Experimental investigation and micromagnetic simulations of hybrid CoCrO/Ni coaxial nanostructures.

Multiphase CoCrO/Ni core-shell nanowires (NWs) have been synthesized within anodic aluminum oxide membranes by the combination of the sol-gel method with electrodeposition techniques. X-ray diffraction and x-ray photoemission spectroscopy results confirmed the formation of a cubic spinel structure of CoCrO shell with space group Fd-3m (227). The morphology and composition of the as-grown NWs were studied by field emission scanning electron microscopy, as well as transmission electron microscopy.

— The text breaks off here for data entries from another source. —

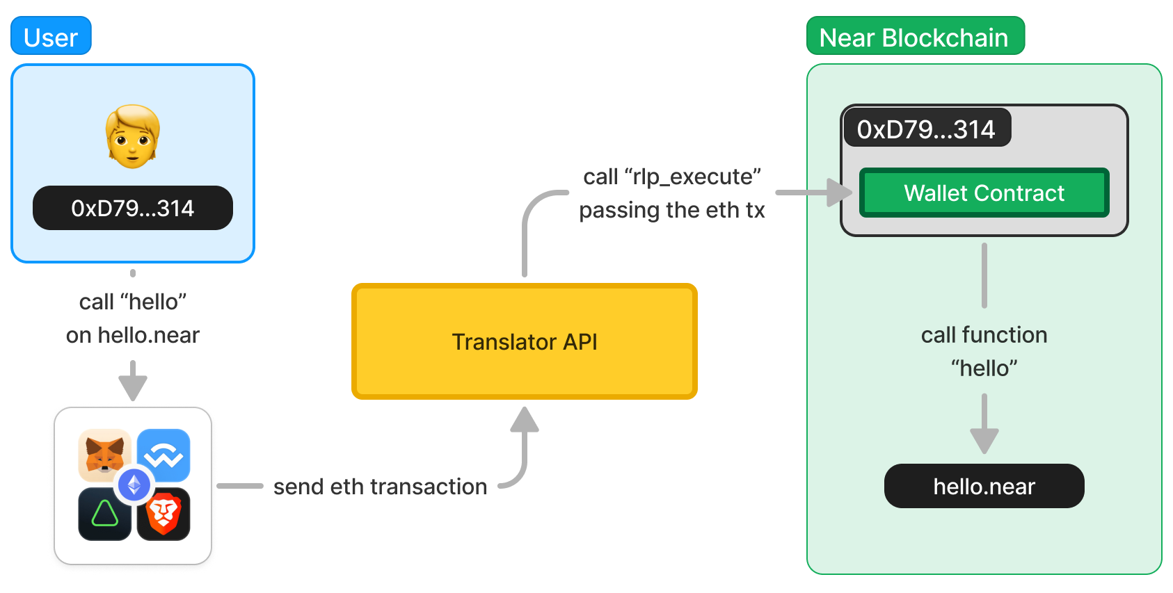 - A "Wallet Contract" deployed on Near, that can process Ethereum transactions
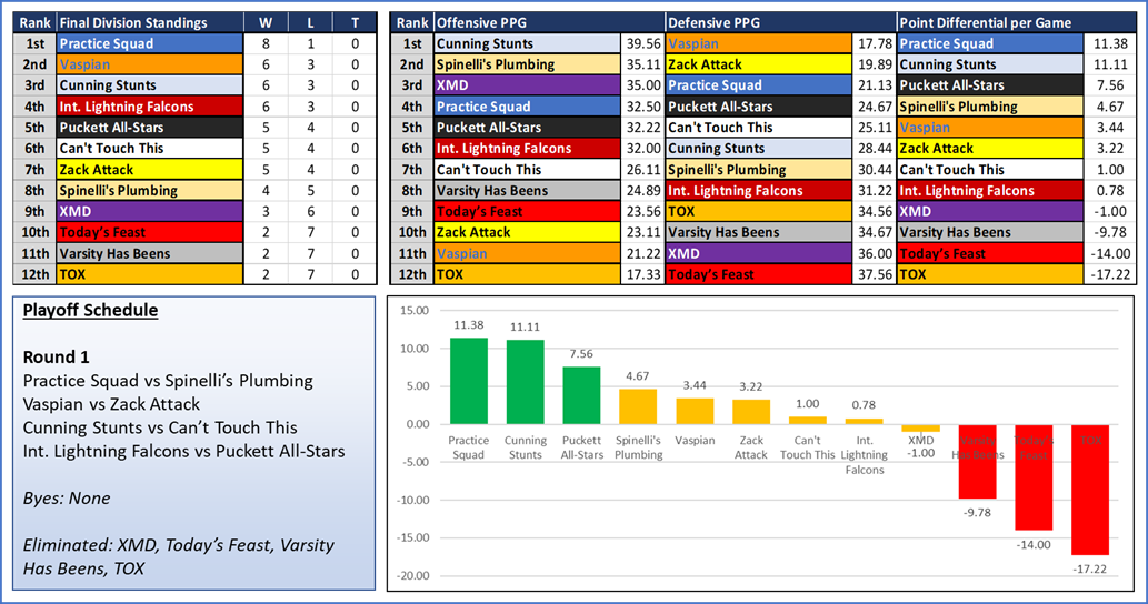 - The breakdown of best offenses, defenses and net point differentials per division. As always, stats below have removed forfeit games from the math, so what you see on the charts may not match the website (intentionally). We tried to color each team's data by their official jersey colors, but half this league apparently uses black so it's not perfect.
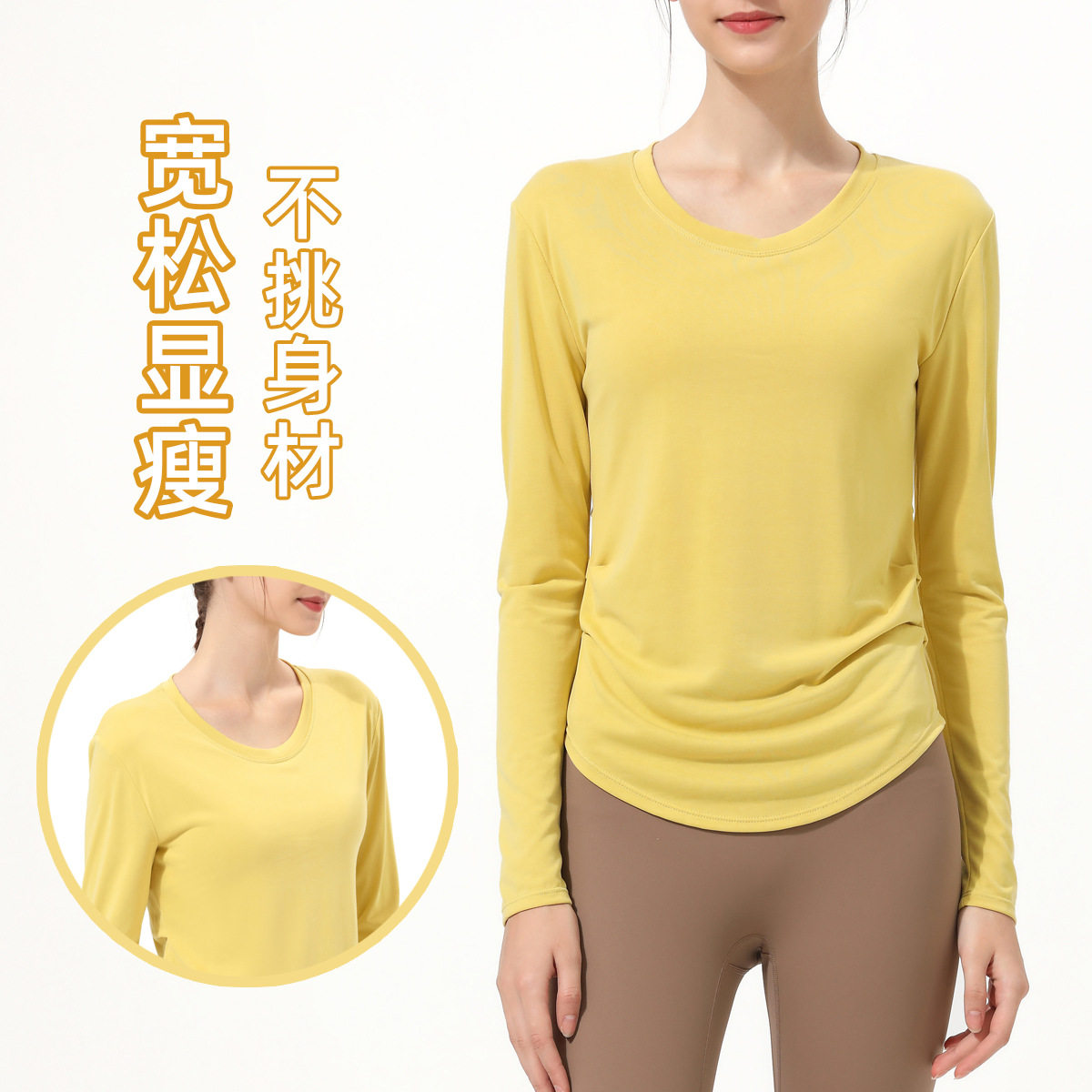 秋冬新款瑜伽服女长袖T恤带胸垫宽松运动上衣罩衫跑步健身服孕妇
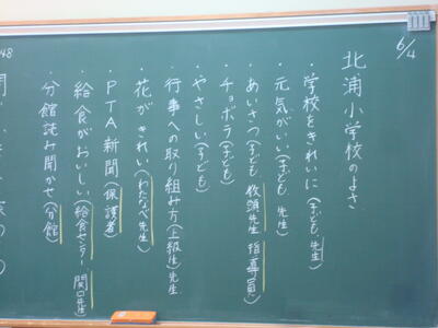 6年生の国語の授業では、インタビュー活動をするようで、「北浦小学校のよさ」という視点から、子どもたちの考えをもとに、その後のインタビュ-活動を行うようです。

The magnetic properties of the CoCrO NT shell and hybrid CoCrO/Ni NWs were measured at low temperature using a physical property measurement system. The temperature dependence of the magnetization curves showed that CoCrO NTs undergo a transition from a paramagnetic state to a ferrimagnetic state at about 90 K and a spiral ordering transition temperature near 22 K. An enhanced coercivity and saturation field were observed for the CoCrO/Ni core-shell NWs compared to the single-phase Ni NWs. Micromagnetic simulation results indicated that there is a strong coupling between the shell and core layers during the magnetization reversal process. The combination of hard CoCrO and soft Ni in a single NW structure may have potential applications in future multifunctional devices.